He cut his teeth on punk and rock and roll bands, dresses like a sleaze-rock 1970’s John Lennon, and makes music best described as synth-driven indie meets alt-alt-alt rock. Nic Pugh is a wonderful blend of forward-thinking sonic grooves and nostalgic moves.

I would say that he comes along as a breath of fresh air, but “Sugar Man,” his latest single as Midniter, wafts in accompanied by a wave of sleazy chic and drug fug atmospheres, the smell of sweat and pachouli. It’s the new glam, digital sleaze, techno trippy, a song about those vices and habits that are killing us day by day, and how eagerly we embrace them.

Spiritually, it is the successor to The Velvet Underground’s “Waiting for the Man” or “Semi-Charmed Life” by Third Eye Blind, sonically it echoes the aforementioned Lennon’s less polished post-Beatles output, or chart era T-Rex had they had access to synths rather than big guitars.
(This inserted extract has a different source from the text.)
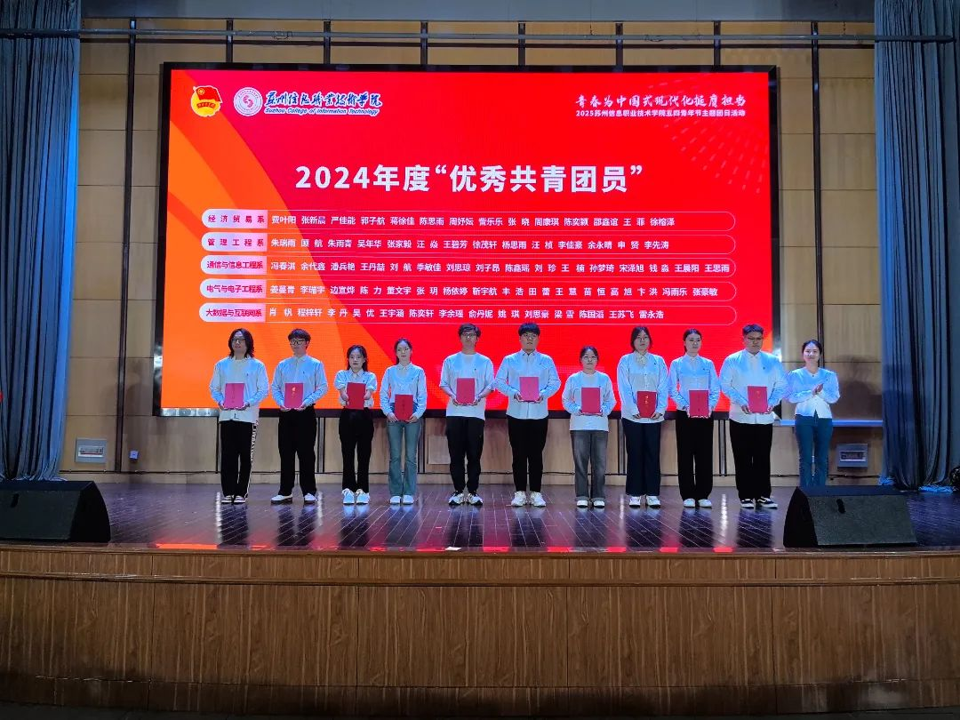 在五四表彰环节,一批先进集体与个人脱颖而出。大数据与互联网团总支荣获“2024年度五四红旗团总支”称号,管理工程系张艳婷老师获评“优秀共青团干部(教师)”,多个团支部、学生干部及团员分获“五四红旗团支部”“优秀共青团干部(学生)”“优秀共青团员”等荣誉。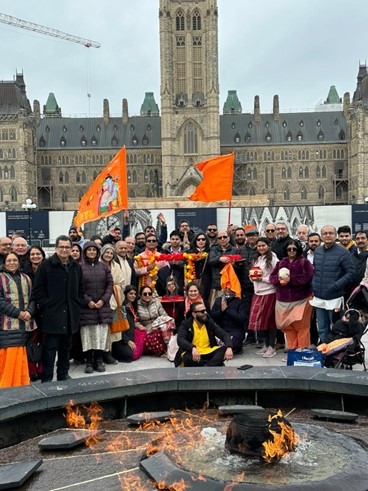 In Canada, the Yatra began on Mar. 25 with ceremonies at the Vishnu Temple in Richmond Hill, Ontario. The Canadian inauguration featured the Pran Pratishtha ceremony, followed by a puja specifically for the Rath.

It’s every bit low-slung and scuzzy, raw and spiky as any garage guitar band, and its dense, claustrophobic folds are sprinkled with saccharine-sweet pop accessibility. If substance abuse was a sound…this is it!

But in a sense, it is a timeless vibe: music made for the dark corners of nightclubs, the soundtrack to back-street deals, a litany to that inevitable day when you take things too far. It’s a loop that humanity has always been locked into, a dance that has been going on for as long as temptation has existed (that damn Edenic serpent has a lot to answer for) and what Midniter does here is create a scintilating soundtrack, one totally in step with todays music, whilst repeating those same words of warning, albeit in the language of today’s street wise droogs!

Go on, have this one for free, and if you want some more, you just come back and see me, right?